> _ACTION ITEM_: From the records below, print exactly the lines starting at the one containing "От пиковой синтетики" and ending at the one containing "Jag förstår inte", ends included, and nothing else.

> _MATERIAL TO PROCESS_:
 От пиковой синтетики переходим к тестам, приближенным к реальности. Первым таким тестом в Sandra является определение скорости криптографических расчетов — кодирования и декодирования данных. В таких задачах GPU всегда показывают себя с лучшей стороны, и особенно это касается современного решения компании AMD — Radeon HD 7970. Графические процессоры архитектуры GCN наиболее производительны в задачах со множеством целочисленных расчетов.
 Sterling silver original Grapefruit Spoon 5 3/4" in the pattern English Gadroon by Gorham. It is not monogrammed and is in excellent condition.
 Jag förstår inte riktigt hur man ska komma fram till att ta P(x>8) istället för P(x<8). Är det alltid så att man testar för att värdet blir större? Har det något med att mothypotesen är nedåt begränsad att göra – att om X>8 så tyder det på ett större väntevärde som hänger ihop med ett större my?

==

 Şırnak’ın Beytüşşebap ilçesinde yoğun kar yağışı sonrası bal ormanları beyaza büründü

...

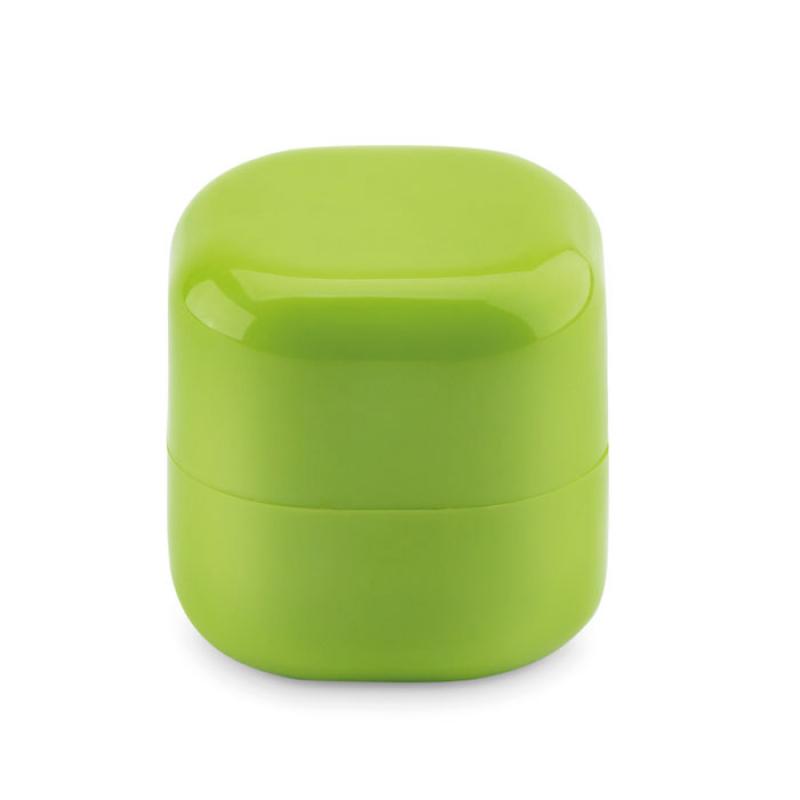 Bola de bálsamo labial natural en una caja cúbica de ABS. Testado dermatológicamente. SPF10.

> _WRITTEN SOLUTION_:
 От пиковой синтетики переходим к тестам, приближенным к реальности. Первым таким тестом в Sandra является определение скорости криптографических расчетов — кодирования и декодирования данных. В таких задачах GPU всегда показывают себя с лучшей стороны, и особенно это касается современного решения компании AMD — Radeon HD 7970. Графические процессоры архитектуры GCN наиболее производительны в задачах со множеством целочисленных расчетов.
 Sterling silver original Grapefruit Spoon 5 3/4" in the pattern English Gadroon by Gorham. It is not monogrammed and is in excellent condition.
 Jag förstår inte riktigt hur man ska komma fram till att ta P(x>8) istället för P(x<8). Är det alltid så att man testar för att värdet blir större? Har det något med att mothypotesen är nedåt begränsad att göra – att om X>8 så tyder det på ett större väntevärde som hänger ihop med ett större my?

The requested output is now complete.